- _PROMPT_: Word for word, output the data, with none of its pictures.

- _DATA SEGMENT_:
== == ==
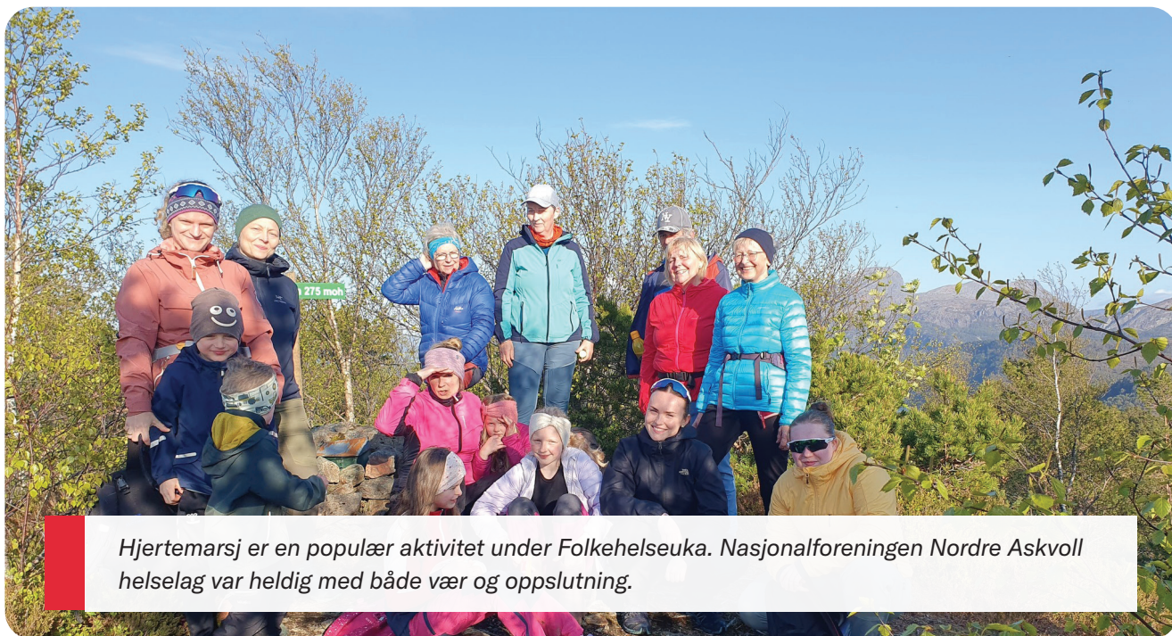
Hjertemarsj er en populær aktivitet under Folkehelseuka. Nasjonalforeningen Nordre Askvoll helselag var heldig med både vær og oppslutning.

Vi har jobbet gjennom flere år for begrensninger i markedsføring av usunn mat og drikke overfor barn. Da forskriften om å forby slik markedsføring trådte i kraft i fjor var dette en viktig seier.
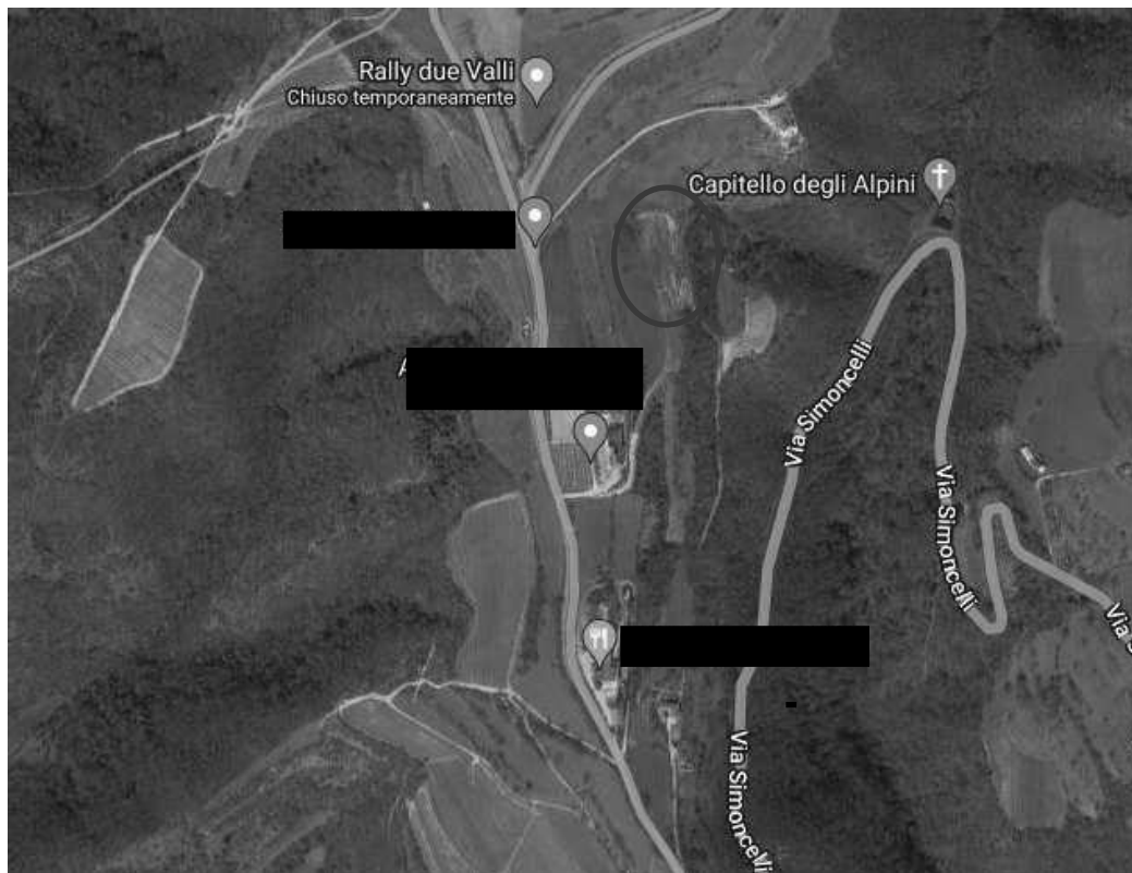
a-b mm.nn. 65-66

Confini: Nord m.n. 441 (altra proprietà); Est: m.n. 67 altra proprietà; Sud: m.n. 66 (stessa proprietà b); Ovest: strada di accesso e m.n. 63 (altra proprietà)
== == ==
- _ANSWER BELOW_:
Hjertemarsj er en populær aktivitet under Folkehelseuka. Nasjonalforeningen Nordre Askvoll helselag var heldig med både vær og oppslutning.

Vi har jobbet gjennom flere år for begrensninger i markedsføring av usunn mat og drikke overfor barn. Da forskriften om å forby slik markedsføring trådte i kraft i fjor var dette en viktig seier.
a-b mm.nn. 65-66

Confini: Nord m.n. 441 (altra proprietà); Est: m.n. 67 altra proprietà; Sud: m.n. 66 (stessa proprietà b); Ovest: strada di accesso e m.n. 63 (altra proprietà)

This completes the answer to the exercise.